METHODS:  Based on such data, we hypothesized an increase in cathelicidin expression in sarcoidosis bronchoalveolar lavage (BAL) cells compared to healthy controls. BAL cells from patients with biopsy proven sarcoidosis (n = 26), and healthy controls (n = 18) were analyzed for messenger ribonucleic acid (mRNA) expression of cathelicidin, (IFN-γ), and the vitamin D receptor (VDR) by quantitative PCR. Sarcoidosis was classified as severe (requiring systemic therapy), or non-severe (never required systemic therapy). Circulating vitD and 1, 25 vitD levels were also determined.

RESULTS:  Compared to healthy controls, cathelicidin mRNA expression was 30% lower in BAL cells of patients with severe sarcoidosis (n = 14, p < 0.002); and 14% lower in patients with non-severe disease (n = 12, p = 0.037).
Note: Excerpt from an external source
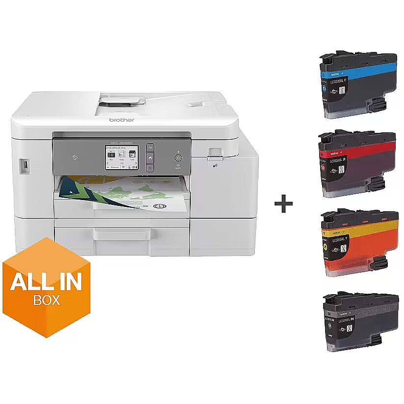 LongDesc - The MFC-J4540DWXL is a solidly built, yet sleek, feature rich multifunction device offering high-quality printing for less. Forming part of our All in Box range means when you buy this device, as well as a professional-standard multifunctional printer, it comes with in-box inks printing up to 6,000 page black and 5,000 page colour, which will significantly reduce your print costs, plus a 3-year warranty for added peace of mind. The combined savings in time and money makes this All in Box device a great choice for professional home printing.You don’t need to be sat at your desk, or even near the printer to use the MFC-J4540DWXL. With the range of connectivity options available, you can print anywhere in your house or office – and even from your mobile phone through the Wi-Fi, or NFC. By downloading the Brother Mobile Connect app you can access an array of features – from sending print jobs, to checking your ink levels and ordering replenishments when necessary.Increase your productivity levels with the extra paper tray providing 400 sheet paper input, plus with the 20 sheet ADF, you can leave your multipage document to scan while you focus on other tasks. Additionally, with the MFC-J4540DW’s simple to use 6.8cm LCD touchscreen, navigating tasks has never been easier.
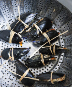 Aprite le cozze a crudo e riempitele con il riso, richiudetele e legatele con un filo di rafia, in modo che non si aprano, e cuocetele a vapore per circa 20 minuti.

VDR mRNA expression of either group did not differ from controls. Circulating vitD was lower in severe than in non-severe patients (p < 0.05) and values for both groups were below the recommended normal level (30ng/ml). Circulating 1, 25 vitD levels, however were within normal range (22–67pg/ml). IFN-γ, as anticipated was higher than controls (p = 0.009), and in vitro, IFN-γ repressed alveolar macrophage cathelicidin (p < 0.05; n = 3 healthy controls).

CONCLUSION:  Data indicates that in sarcoidosis, cathelicidin expression is deficient and directly correlates with disease severity and deficient circulating vitD levels.

CLINICAL IMPLICATIONS:  Results further suggest that despite normal 1, 25 vitD levels and normal VDR expression, repressive mechanisms (possibly involving IFN-γ) may play a role in reducing cathelicidin expression in sarcoidosis BAL cells.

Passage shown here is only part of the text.